Search code examples
c#webclient

download CSV from google Insight?


I successfully did that before in the past 4-5 maybe 6 months back, but now i see the site has changed .I am able to get the desired search result using HttpWebRequest the issue is with downloading the CSV file.

The download won't work. I reproduced this with WebClient, get all the cookies but still it won't work.

When I do so, I get this in the file

.....meta http-equiv="refresh" content="0; url='http://www.google.com/trends#content=1&geo=US-AL&q=snooker&cmpt=q&hl=en-AU'">

location.replace("http://www.google.com/trends#content\x3d1\x26geo\x3dUS-AL\x26q\x3dsnooker\x26cmpt\x3dq\x26hl\x3den-AU")
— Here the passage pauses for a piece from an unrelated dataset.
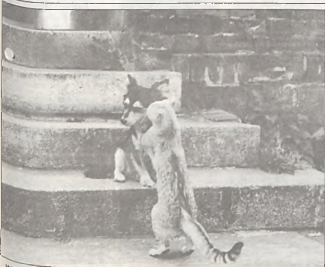
Wiesz, podobno będą budować szkołę na osiedlu Raczyńskiego!

The code to download file is as follows:

public void downloadsheet(string url, string path)
    {
        try
        {
            using (WebClient client = new WebClient())
            {



                string tmpCookieString = string.Empty;

                string[] array = webBrowser1.Document.Cookie.Split(new char[]
                        {
                            ';'
                        });
                for (int i = 0; i < array.Length; i++)
                {
                    string cookie = array[i];
                    string name = cookie.Split(new char[]
                            {
                                '='
                            })[0];
                    string value = cookie.Substring(name.Length + 1);

                    //client.Headers.Add(name, value);
                    if (i < array.Length - 1)
                    {
                        tmpCookieString = tmpCookieString + name + "=" + value + ";";
                    }
                    else
                    {
                        tmpCookieString = tmpCookieString + name + "=" + value;
                    }
                }

                client.Headers.Add(HttpRequestHeader.Cookie, tmpCookieString);
                client.Headers.Add("Accept", "text/html, application/xhtml+xml, */*");
                client.Headers.Add("User-Agent", "Mozilla/4.0 (compatible; MSIE 8.0; Windows NT 6.1; WOW64; Trident/4.0; SLCC2; .NET CLR 2.0.50727; .NET CLR 3.5.30729; .NET CLR 3.0.30729; Media Center PC 6.0; .NET4.0C; .NET4.0E; InfoPath.2)");
                client.Headers.Add("Accept-Language", "en-US");
                using (FileStream file = File.Create(path))
                {
                    byte[] bytes = client.DownloadData(url);
                    file.Write(bytes, 0, bytes.Length);
                }
            }
        }
        catch (Exception exp_DE)
        {
        }
    }

The url is use is:

http://www.google.com/trends/trendsReport?hl=en-AU&q=snooker&geo=US-AL&cmpt=q&content=1&export=2

If I use WebBrowser control to navigate to the respective link above it does open up a dialogue box..


Solution

  • The problem is the HttpOnly cookies (i.e. SID and HSID) are missing from WebBrowser.Document.Cookie for security purpose.

    Here is the solution:

    [DllImport("wininet.dll", CharSet = CharSet.Auto, SetLastError = true)]
    static extern bool InternetGetCookieEx(string pchURL, string pchCookieName, StringBuilder pchCookieData, ref uint pcchCookieData, int dwFlags, IntPtr lpReserved);
    const int INTERNET_COOKIE_HTTPONLY = 0x00002000;
    
    private static string GetGlobalCookies(string uri)
    {
        uint datasize = 2048;
        StringBuilder cookieData = new StringBuilder((int)datasize);
        if (InternetGetCookieEx(uri, null, cookieData, ref datasize, INTERNET_COOKIE_HTTPONLY, IntPtr.Zero)
            && cookieData.Length > 0)
        {
            return cookieData.ToString();
        }
        else
        {
            return null;
        }
    }
    
    public void downloadsheet(string url, string path)
    {
        try
        {
            using (WebClient client = new WebClient())
            {
                string tmpCookieString = GetGlobalCookies(webBrowser1.Url.AbsoluteUri);
    
                client.Headers.Add(HttpRequestHeader.Cookie, tmpCookieString);
    
                client.Headers.Add("Accept", "text/html, application/xhtml+xml, */*");
                client.Headers.Add("User-Agent", "Mozilla/4.0 (compatible; MSIE 8.0; Windows NT 6.1; WOW64; Trident/4.0; SLCC2; .NET CLR 2.0.50727; .NET CLR 3.5.30729; .NET CLR 3.0.30729; Media Center PC 6.0; .NET4.0C; .NET4.0E; InfoPath.2)");
                client.Headers.Add("Accept-Language", "en-US");
                using (FileStream file = File.Create(path))
                {
                    byte[] bytes = client.DownloadData(url);
                    file.Write(bytes, 0, bytes.Length);
                }
            }
        }
        catch (Exception exp_DE)
        {
        }
    }
    

    Of course, you should sign in your account before calling InternetGetCookieEx.